A third strategic blunder will probably not be noticed outside the Marine Corps but it will nonetheless reduce the value of what the Corps offers the nation. While the Commandant references maneuver warfare with regard to dispersing amphibious forces, a move that has merit, focusing on trading long-range fires with any opponent marks a return to a firepower/attrition understanding of war. In effect, it says future war will be a contest between trebuchets flinging pianos at each other. If we look around the world, that is not where war is going. In almost every case, state armed services that have vast superiority in long-range fires over their Fourth Generation opponents are losing, including us in Syria, Iraq, and Afghanistan. Doctrinally, the Commandant’s vision faces backwards.
Then this.

.....let the other services make the blunder of re-shaping themselves to accord with the fictional NDS and go instead where war is going, to become the nation’s force of choice for Fourth Generation war overseas. Just as the other services neglected amphibious warfare during the 1920s and ‘30s and the Marine Corps of that time created a unique capability the country ended up needing, so it can do the same now with 4GW. It need not follow the other lemmings over a cliff.
Here. 

The answer?

Yes.  The Marine Corps is committing suicide.

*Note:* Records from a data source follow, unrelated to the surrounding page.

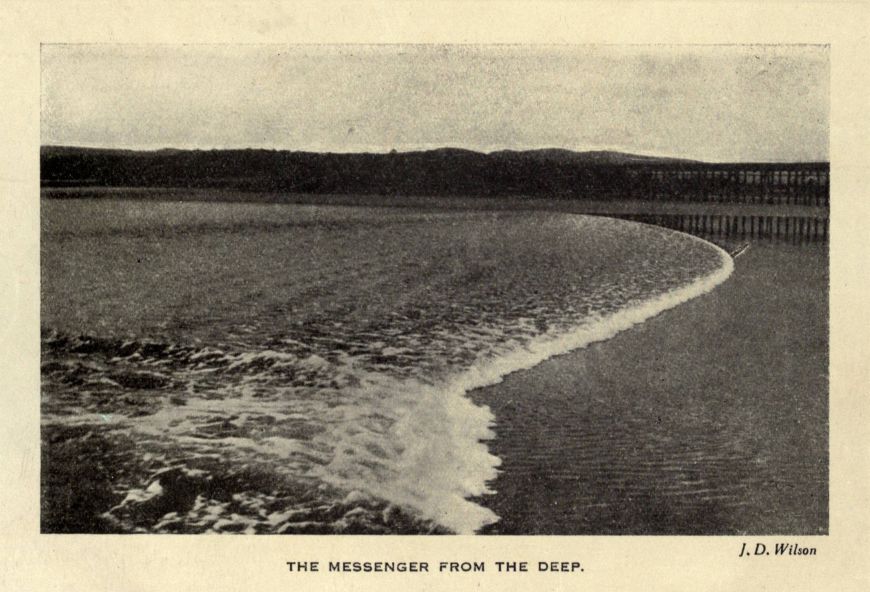 But never to-night or in all time would he get as far as the bank. Suddenly, as he walked, he would hear a whisper out of the west. It would mean nothing to him at first, nor the wind feeling along his cheek. He would only say to himself that the trees were astir on the far point. Then he would hear a noise like a coming shower, and lift up his face to meet the first of the rain. But the sound that came after would come running along the sand, until every rib was vibrating its message to his feet. When he knew what it was, he would stand perfectly still, and then he would spring in the air and start to run. But, run as he might, he would never reach the shore, or stand on the gold road that would take him over to May. The white tide-horses were swifter far than he; their unshod hoofs would outrun his heavy boots. The sweeping advance-water would suddenly hem him in, swirling before his feet and shooting behind his back. He would run this way and that in the dark, but it would be no use. He would run and run, but it would never be any use....
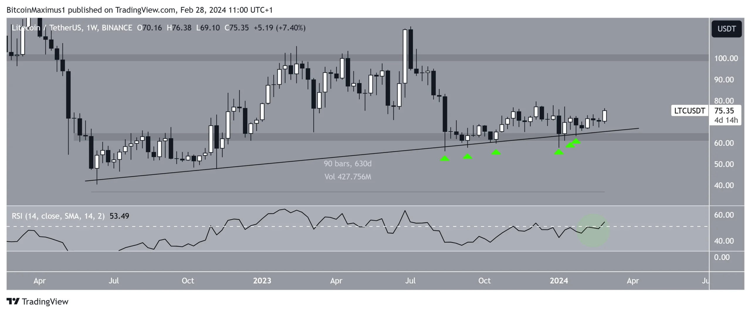 Litecoin’s next target price is $100, and, according to the triangular price pattern below, it could hit this landmark soon. The ascending trendline on the chart below has held for close to two years and indicates a continued pattern of higher lows for LTC, eventually pushing it past $100.
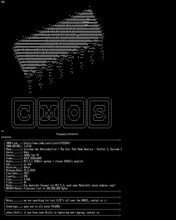 | FiLENAME: | Visionaere.der.Autoindustrie.S01E01.DOKU.GERMAN.DL.1080p.HDTV.x264.REPACK-CMOS.mkv |
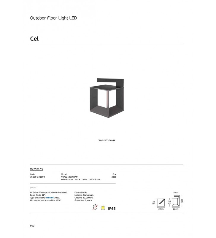 Φωτιστικό Led δαπέδου, 200-240V, 18W, 3000K, 737lm, 81°, CRI>84, IP65, 22x22x32cm, ανθρακί
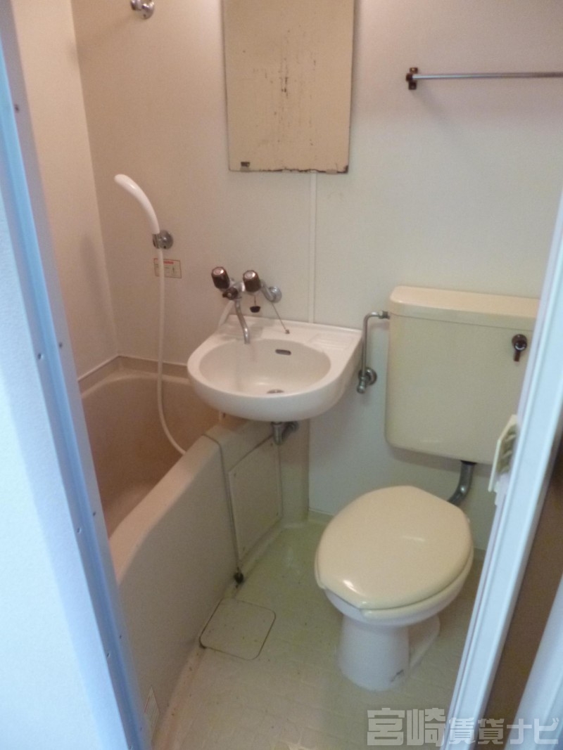 | 設備 | 水道:公営、 ガス:有(プロパンガス・集中)、 給湯:有(ガス)、 バス・トイレ別:有(3点ユニット)、 シャワー:有、 洗濯機置場:屋外、 冷暖房設備:有(エアコン)、 フローリング:有、 ブロードバンド:利用料無料 | ||

His solution?  Partially right.  10% chance of a direct confrontation with China. More likely is a fight with terrorists, Chinese proxies and rogue nations.

The USMC is gearing up for the wrong fight with the wrong force structure with the wrong equipment.

Reinforce the MEU by adding a fourth ship.  Go in the opposite direction and mech up.  The Wing is already reinforced but the Ground Combat Element has been neglected for over two decades.  Beef it up.  Increase cannons, get a decent 120mm mortar.  Get mobile on the ground and in the air (air is already covered).

Be prepared to fight hybrid terror forces and rogue nations with advanced weapons. 

Do all of the above and fighting the Chinese will be cake...if that fight comes in the next 20 - 30 years.